The epic portrays Hammira as saying that giving his daughter away to an unclean mlechcha was as loathsome as prolonging existence by living on his own flesh. A Jauhar is conducted by all the womenfolk and Hammira is described as throwing himself on the Muslim army. Amir Khushro has also written in Persian about this Jauhar in Ranthambhore.
One Rajput Vaghela queen Kamala Devi who could not commit Jauhar fell into the hands of Allauddin Khalji. She was captured and married forcibly to Khalji. When her daughter, the ravishingly beautiful Deval Devi grew older, she was married to Khalji’s son Khizr Khan and one by one, two brothers of Khizr Khan captured and married Deval Devi after a series of brutal wars.
Flourishing slave markets in the Muslim world
Ostensibly, the main reason for Jauhar-Shaka was to avoid rape, dishonour and enslavement, perhaps even necrophilia by the invading Muslim armies. The horrific accounts of the Arab invasion of Sindh in the eighth century might have been well-known.
The Arabs were the first invaders of India who removed large numbers of its native inhabitants as enslaved captives, according to André Wink in “Al Hind The Making of the Indo-Islamic World”. Referring to the Sind invasion, he also says:
“…invariably numerous women and children were enslaved. The sources insist that now, in dutiful conformity to religious law, ‘the one-fifth of the slaves and spoils’ were set apart for the caliph’s treasury and despatched to Iraq and Syria. The remainder was scattered among the army of Islam. At Rūr, a random 60,000 captives were reduced to slavery. At Brahamanabad 30,000 slaves were allegedly taken. At Multan 6,000. Slave raids continued to be made throughout the late Umayyad period in Sindh, but also much further into Hind, as far as Ujjain and Malwa. The Abbasid governors raided Punjab, where many prisoners and slaves were taken.”

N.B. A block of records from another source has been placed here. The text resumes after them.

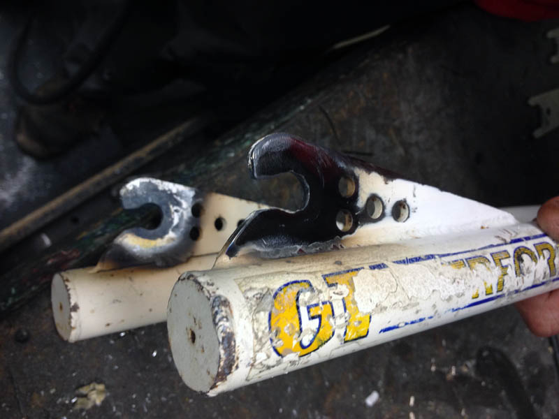 L'acier des arceaux-cages de courses étant du 25CD4S proche du 4130 cromoly, je me dis que David qui recharge en matière des blocs moteurs alu pour y passer des pistons de V8 américain, ou des culasses pour y faire "des plus gros trous dedans pour que "y a plus d'air et d'essence dans le moteur", devrait pouvoir me faire quelques cordons bien propres. 8)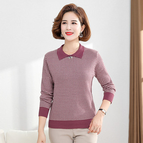 妈妈秋冬短款打底衫上衣40岁50中年妇女装洋气针织...
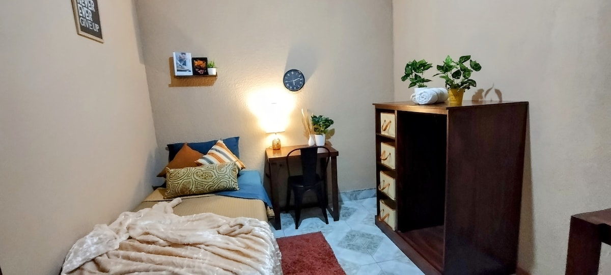 Disfruta de la sencillez de este alojamiento tranquilo y céntrico. A 15 minutos caminando al Jardín Central del pueblo, con un lindo jardín. Tendrás una habitación con baño privado, otra con cama matrimonial y dos colchones individuales y otro baño en el área común, caben 6 personas cómodas, la cocina es muy amplia y está totalmente equipada, tiene Wifi de alta velocidad! Nadie más vive ahí solo un gatito que duerme afuera, pero yo soy vecina y siempre estoy atenta, es un lugar muy tranquilo!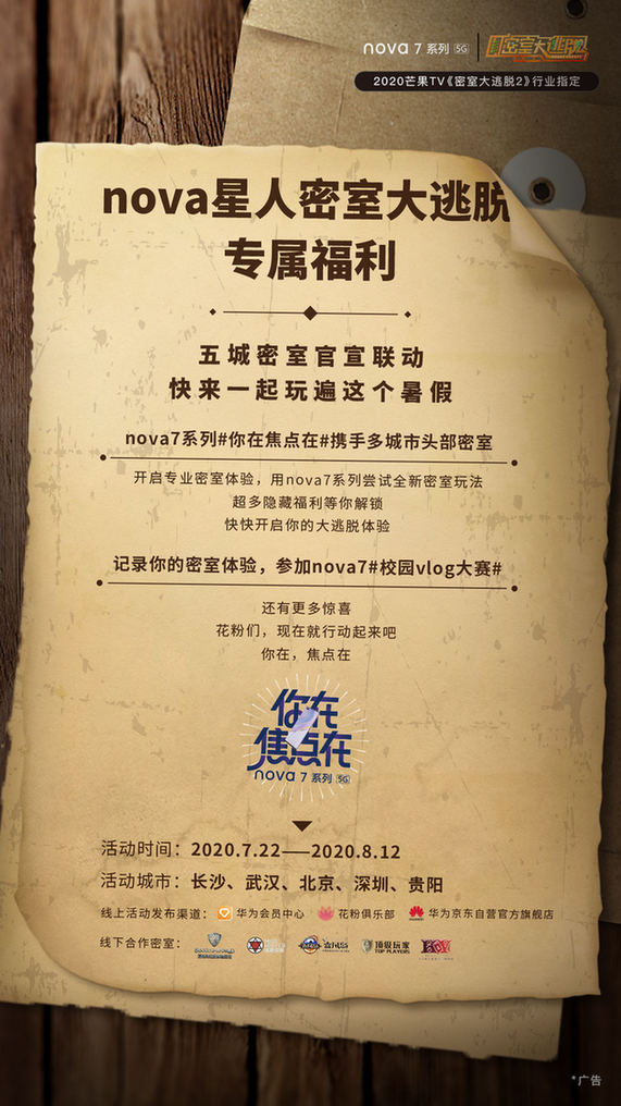 此外,華為nova7系列還與暴風(fēng)島、KY真人密室、迷斯伍德、屋有島等頂級(jí)密室聯(lián)動(dòng),在包含深圳在內(nèi)的長(zhǎng)沙、武漢、北京、貴陽五城開啟全新密室玩法。帶上手機(jī),拍下密室通關(guān)的精彩瞬間,參與nova7#校園vlog大賽#,還能解鎖新福利。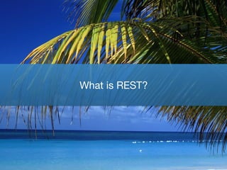 Ben Ramsey's presentation on REST discusses its principles including representational state transfer, client-server architecture, and the importance of hypermedia in enabling client resource discovery. It emphasizes the benefits of REST such as scalability, extensibility, and evolving without breaking clients, alongside examples of RESTful implementations. The presentation concludes with a call to explore further resources on REST and encourages audience engagement through his blog and social media.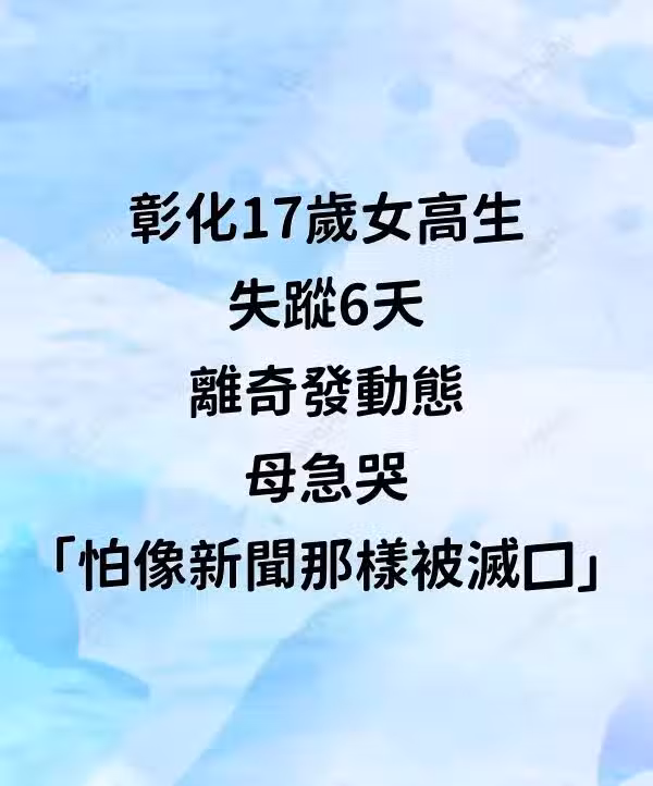 快訊/彰化17歲女高生失蹤6天!離奇發動態 母急哭「怕像新聞那樣被滅口」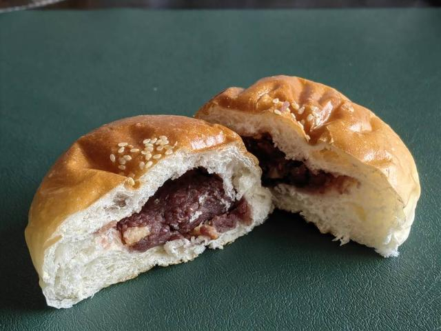喜欢吃甜口的不要错过橘皮红豆面包。面包体缝隙很大,充满空气感。红豆馅很绵密,吃得出来红豆泥中大颗的颗粒与大块的橙子皮。整体微微有点偏甜,对甜味敏感的人可能会不喜欢。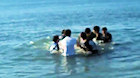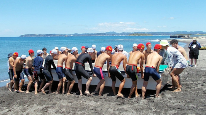トラブルがあったとき、遠泳参加者全員が船(ボートと和船)に乗れるように、万全を期して地元の漁業協同組合長の大きな和船にも助けていただきます。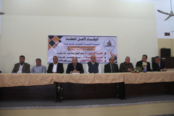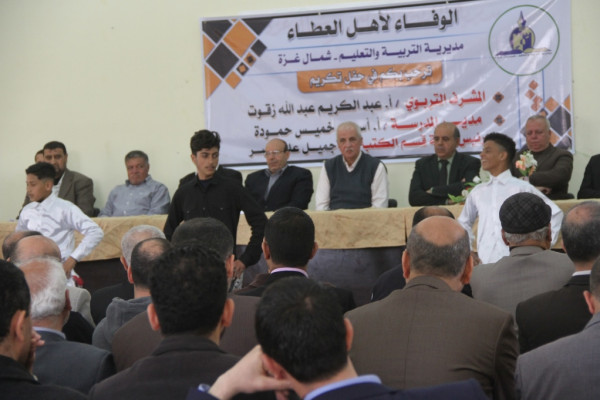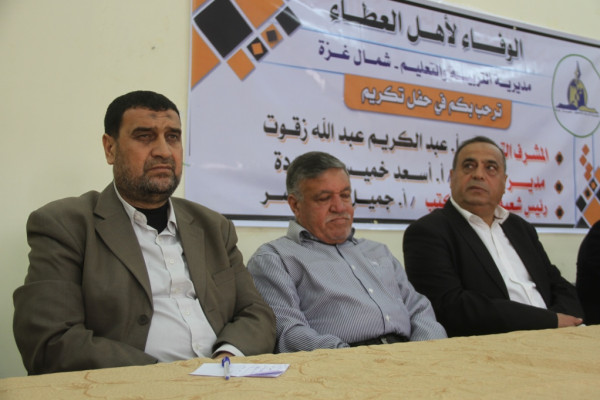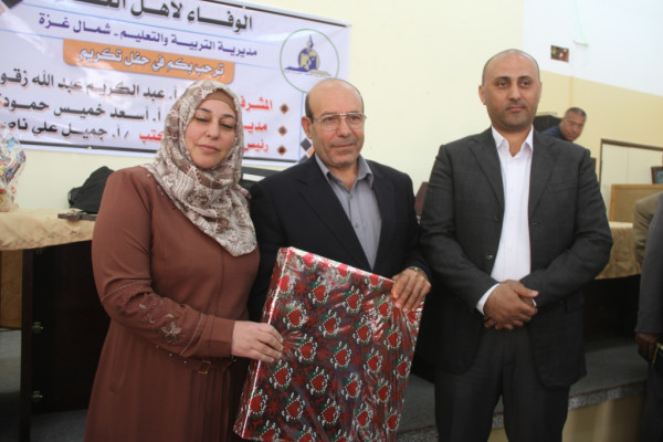 كرّمت مديرية التربية والتعليم في شمال غزة، ثلاثة من كوادرها التربويين المتقاعدين، في حفل بهيج، حضره العشرات من الكوادر التربوية والتعليمية من المديرية ووزارة التربية والتعليم العالي، إلى جانب ذوي المكرمين المحتفى بهم.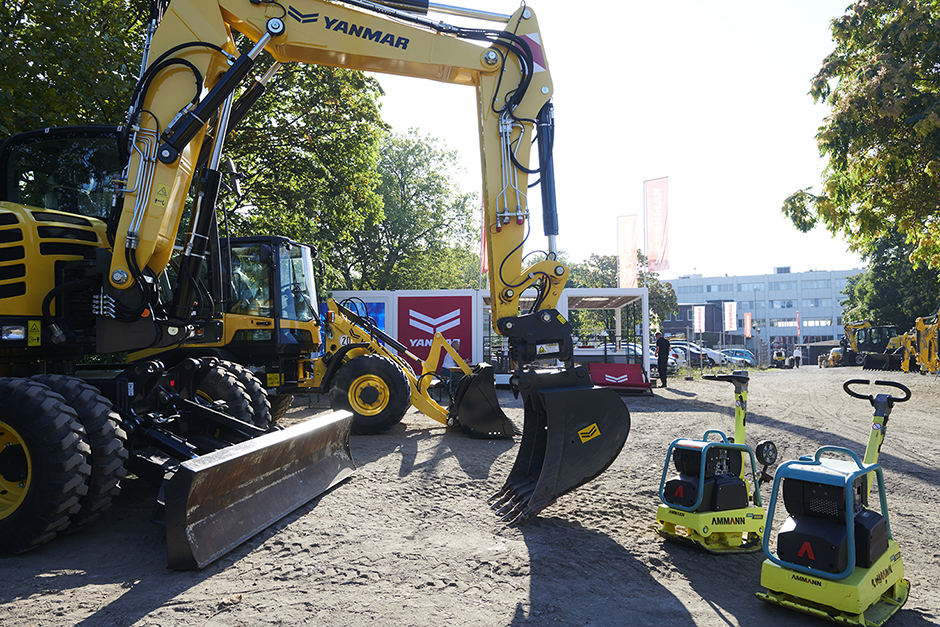 Der erste Stopp in Duisburg erfolgte direkt neben dem Gelände von Händler Kipphardt. Neben den neuen Minibaggern wurden der Mobilbagger B110W, der Radlader V80 und der Raupenbagger SV100 präsentiert – alle in Vollausstattung. Hier konnten sich Kunden und Händler über die Produkte und Leistungen des japanischen Kompaktmaschinen-Herstellers informieren und austauschen sowie verschiedene Maschinen testen. Das Yanmar-Team war mit Maschinenvorführern, Produktspezialisten und Vertriebsmitarbeitern vor Ort.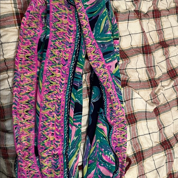 Flowy scarf with bold, colorful stripes and abstract print. Rich purple, teal, pink, and navy tones. Lightweight drape and eye-catching pattern. Versatile for day or evening wear. Scarf is circle and wrap around the head.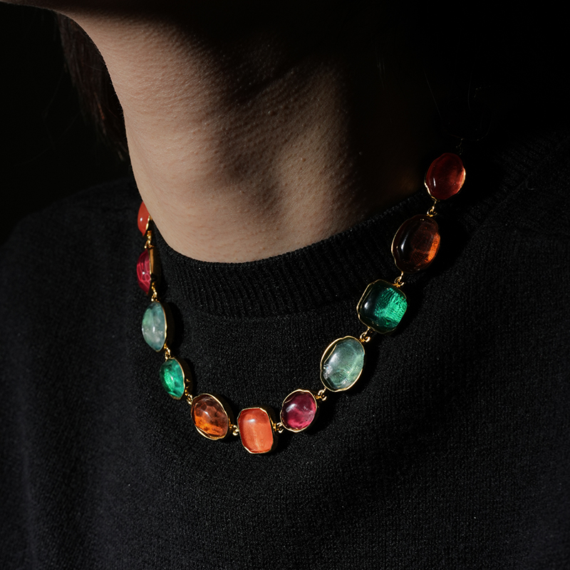 北京仓|Goossens Paris-CABOCHONS-彩虹色 岩石水晶 项链[法国设计师]

In the 11th century, Sultan Mahmud of Ghazni made a series of plundering attacks on India in which there was mass slaughter and destruction of temples as well as enslavement. Chronicler al Utbi said (about Mahmud’s attack on Raja Jaipal’s kingdom):
“God bestowed upon his friends such amount of booty as was beyond all bounds and all calculation, including five hundred thousand slaves, men and women.” Among the captives were Raja Jaipal, his children, grandchildren, nephews and other relatives who were all driven to the slave markets of Ghazni for selling.
Further, with reference to Mahmud’s attack of Ninduna (Punjab) in 1014, al-Utbi said: “Slaves were so plentiful that they became very cheap; men of respectability in their native land were degraded by becoming slaves of common shopkeepers (in Ghazni).”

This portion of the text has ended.